# [Task prompt]
Each line below must be reproduced exactly, though the pictures are to be dropped.

# [Supplied information]

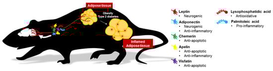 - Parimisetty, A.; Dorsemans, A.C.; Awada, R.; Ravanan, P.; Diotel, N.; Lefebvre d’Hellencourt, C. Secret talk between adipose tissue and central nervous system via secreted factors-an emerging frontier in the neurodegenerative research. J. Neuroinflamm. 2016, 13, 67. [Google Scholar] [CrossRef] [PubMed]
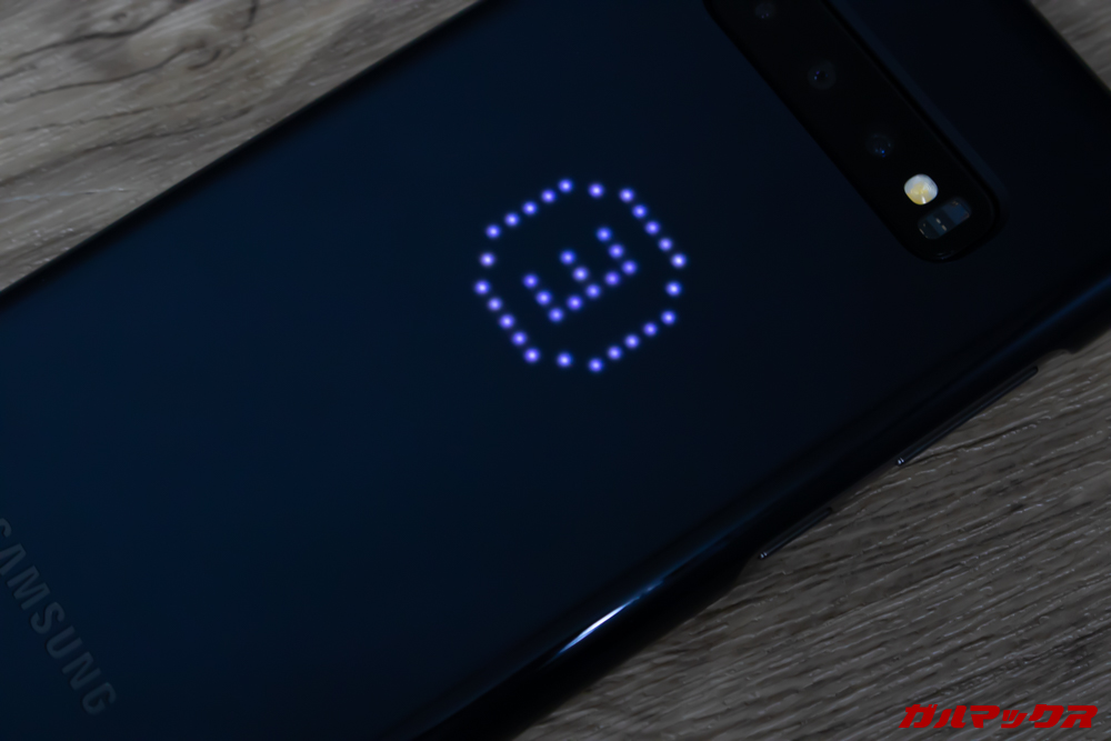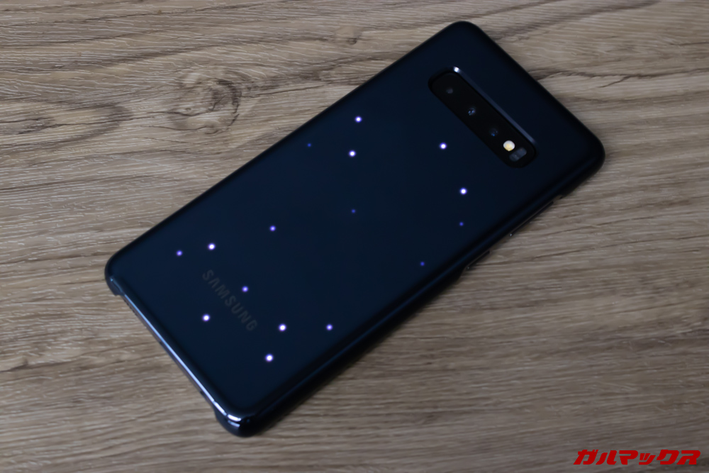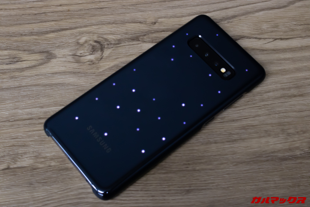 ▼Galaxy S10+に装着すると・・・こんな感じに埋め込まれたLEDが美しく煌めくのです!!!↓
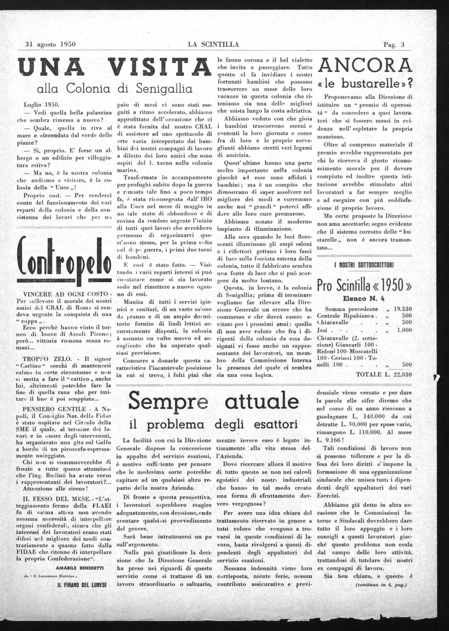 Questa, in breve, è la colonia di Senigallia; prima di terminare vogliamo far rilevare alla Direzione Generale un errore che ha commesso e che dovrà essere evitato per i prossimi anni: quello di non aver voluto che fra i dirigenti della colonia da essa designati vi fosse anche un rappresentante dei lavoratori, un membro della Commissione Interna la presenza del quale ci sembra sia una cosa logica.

# [The completed task]
 - Parimisetty, A.; Dorsemans, A.C.; Awada, R.; Ravanan, P.; Diotel, N.; Lefebvre d’Hellencourt, C. Secret talk between adipose tissue and central nervous system via secreted factors-an emerging frontier in the neurodegenerative research. J. Neuroinflamm. 2016, 13, 67. [Google Scholar] [CrossRef] [PubMed]
 ▼Galaxy S10+に装着すると・・・こんな感じに埋め込まれたLEDが美しく煌めくのです!!!↓
 Questa, in breve, è la colonia di Senigallia; prima di terminare vogliamo far rilevare alla Direzione Generale un errore che ha commesso e che dovrà essere evitato per i prossimi anni: quello di non aver voluto che fra i dirigenti della colonia da essa designati vi fosse anche un rappresentante dei lavoratori, un membro della Commissione Interna la presenza del quale ci sembra sia una cosa logica.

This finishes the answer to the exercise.